7/13(木)FM93AM1242ニッポン放送『高嶋ひでたけのあさラジ!』今日の聴きどころ!④
検察官の判断に異例の「ノー」
7:17~やじうまニュースネットワーク:コメンテーター山本秀也(産経新聞論説委員)
違法残業を強いる企業への警告が目的か
広告大手の電通による違法残業事件で、東京簡易裁判所は、労働基準法違反の罪で略式起訴された電通に対し、正式な裁判を開くことを決めました。
一昨年、新入社員の高橋まつりさんが過労で自殺し、政府の働き方改革の議論にも影響した事件は、公開の法廷で審議されることになります。「略式手続きという書面が相当だ」と主張する検察官の判断に、簡易裁判所が「ノー」を突きつけるケースはきわめて少ないです。ただ、今年に入って長時間の労働事件では、正式裁判に入るのは少なくとも3件目ということになります。
ある検察の幹部は「結論はどうせ罰金刑で変わらないはずで、わざわざ裁判を開く理由はない」とか「新たな事実が次々と明らかになるとは思えない」と疑問を呈する声もあるのはあるのですが、正式裁判になると、略式手続きとは異なり、公開の法廷で被告が供述したり、証人が証言をしたりする可能性もあります。今回も電通の経営幹部が、東京簡易裁判所に出廷する方向になります。ですので、厚生労働省のある幹部は、「企業へのダメージは計り知れず、違法残業を強いる他の企業への警告になるのではないか」と指摘する人もいます。高嶋)とにかく、「簡易裁判所が検察側の略式起訴を退ける」というのは、無かったわけではないですが、非常に稀である、と。
山本)珍しいケースですよね。
高嶋)これはイメージで言うと、よく裁判のニュースで、東京地裁の法廷とかが映りますよね。ああいうところでやるのでしょうか?

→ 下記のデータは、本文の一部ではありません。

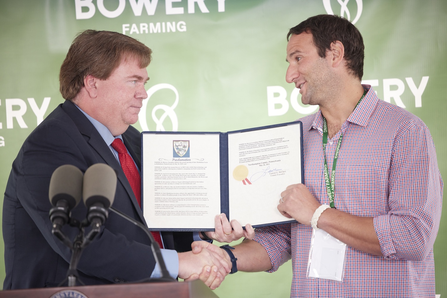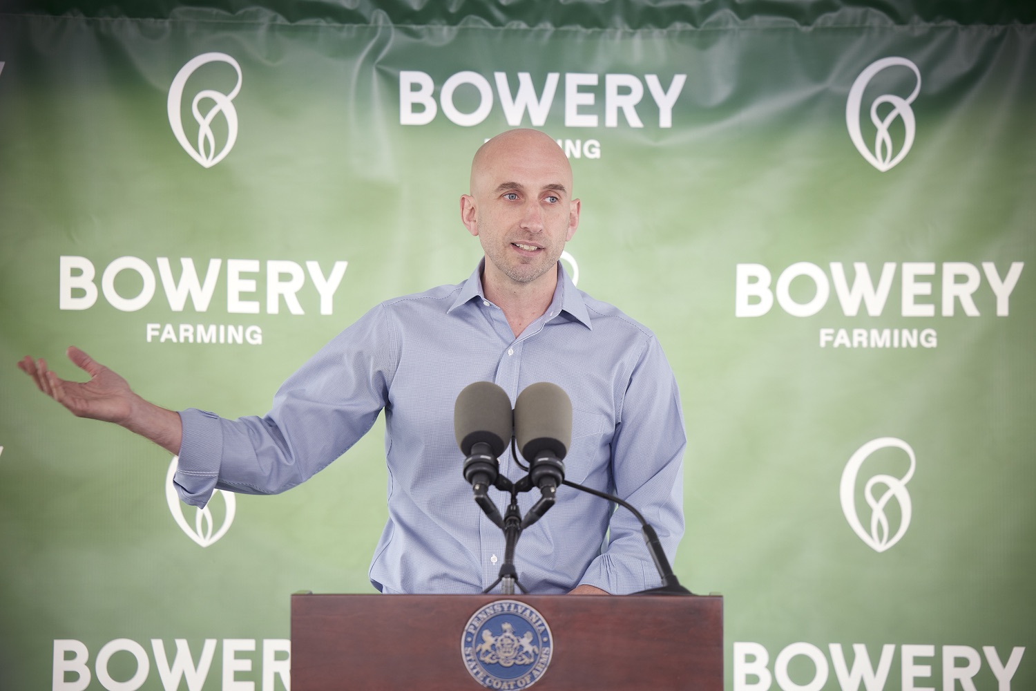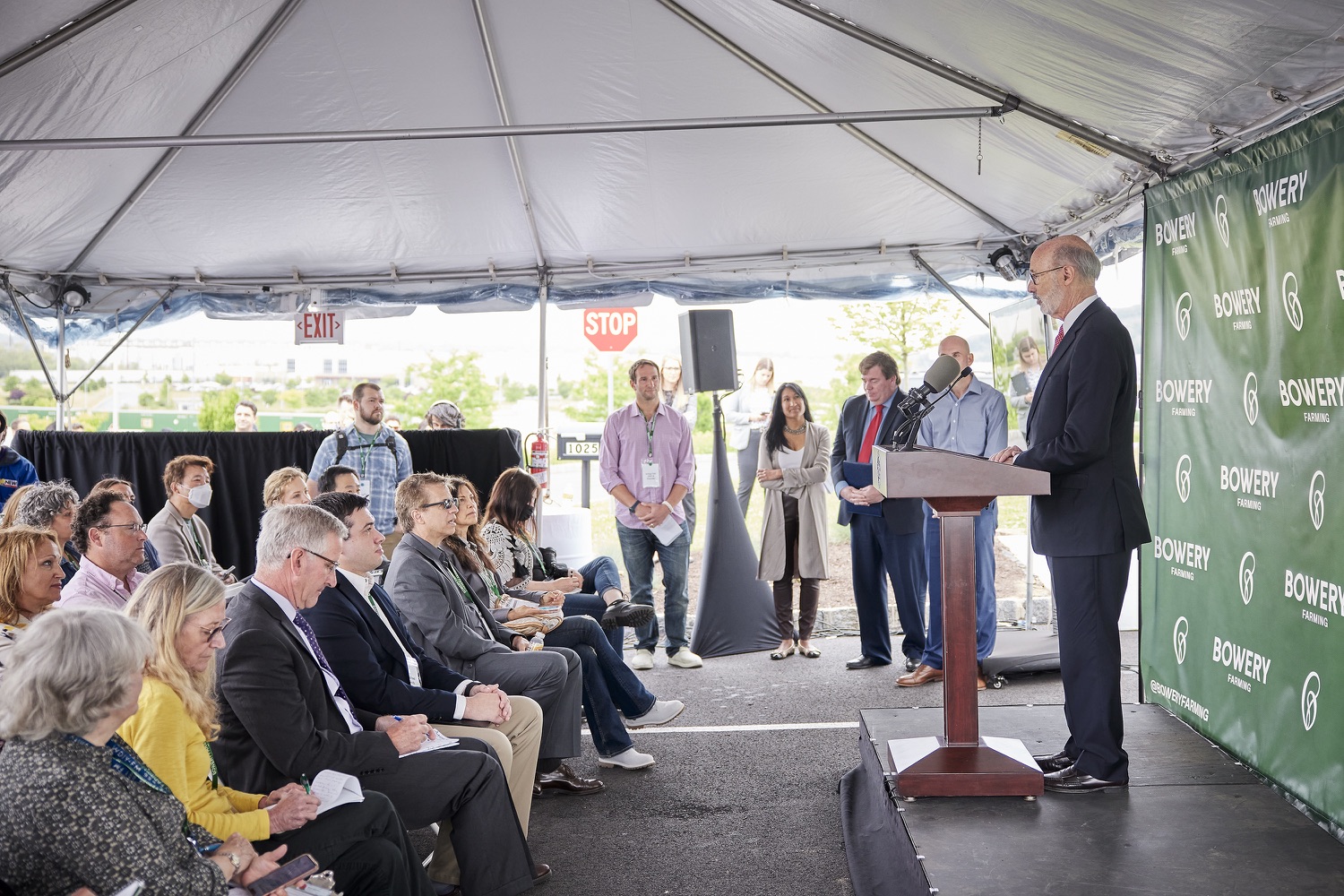 Governor Tom Wolf and Agriculture Secretary Russell Redding today toured Bowery Farming's newest vertical farm in Bethlehem and highlighted the governor's investment in the new farm that will create at least 70 good paying jobs and help feed the 50 million people within a 200-mile radius of the farm."My investment in Bowery Farming supports economic revitalization for Bethlehem, creates jobs, and improves food security," said Governor Wolf. "Pennsylvania's agriculture industry is well known for its innovation, and Bowery will help us to continue charting a path for a sustainable, food-secure future."Bowery Farming is the largest vertical farming company in the United States. The new farm in Bethlehem, Pennsylvania is its largest, most technologically advanced and sustainable farm. The Governor's Action Team worked with Bowery to set roots for its first Pennsylvania farm in the Lehigh Valley. Bowery received a funding proposal from the Department of Community and Economic Development for a $210,000 Pennsylvania First grant and a $250,000 Enterprise Zone Tax Credit through the Neighborhood Assistance Program. With this support, Bowery has constructed a 150,000 square-foot facility on 8.7 acres that will create and retain at least 70 new, full-time jobs over the next three years. The company has pledged to invest more than $30 million in this project.List of Speakers:Irving Fain, CEO Bowery FarmingGovernor Tom WolfJ. William Reynolds, Mayor of BethlehemShefali Mehta, PhD, USDA Deputy Under Secretary for ResearchLamont McClure, Northampton County Executive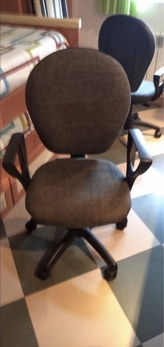 Disponibles 20 sillas de oficina en buen estado. Son giratorias y tienen reposabrazos. Ideales para oficina u hogar. - Estructura metálica. - Asiento y respaldo de tela y cuero sintético. - Ruedas para facilitar el movimiento.

山本)正式な裁判となると、そういうことになるわけですよね。ですから、検察の事件に対する見立てと、裁判所の判断がズレてきている、というのが最近のトレンドとなってきた。つまり、世の中の過労死とか長時間労働に対する価値観というのが変わってきている。いまが時代の潮目が変わったときなのでは、と思います。
根本の古い体質を見直すところに来ている高嶋)たしかに政府の方も「働き方改革」とか掲げてやっているし、それから「ブラック企業」がどうのこうの、というのもね……いわゆる「正社員」の数よりも、臨時で雇用される人。それらの賃金の格差とか。それから、いろいろと言われていますが、今度の、電通の高橋まつりさんのケースでは、長時間労働もそうですが、パワハラだとか、「電通鬼十則」だとか。つまり、昔ながらの「日本の株式会社」という古い体質が根本的に問われているようなところもあるわけですよね?
山本)いま仰られた「鬼十則」にしても、あれは昭和の時代の風景ですよね、明らかに。
高嶋)昔はあれを読んで感動したのですが……
山本)当時はそれが合理性を持っていたわけですよ。ところが、時代が変わったと言うことは、新しい働き方……特に派遣や非正規雇用の方がこれだけ増えてくると、そういう人たちが賃金を正当に受け取って、暮らしがちゃんと立っていくような仕組みを作らなければならない。そういう時代に来た、ということでしょうね。
高嶋)そういうことを考えると、こういう裁判もやった方がいいと言うことですよね。
山本)僕はやっていいと思います。それから、検察というのは元々長時間労働みたいな職場ですから。法曹界の中でも長いところですからね。
高嶋)自分のことも考えてみれば、ということですね。この裁判、どのくらいの長さになるのか、どんな雰囲気でやるのか。普通は100万円以下の罰金で、平場で、書類だけで決めてしまうのでしょう?
山本)結論がそうであったとしても、やはり「解明を」、ということですね。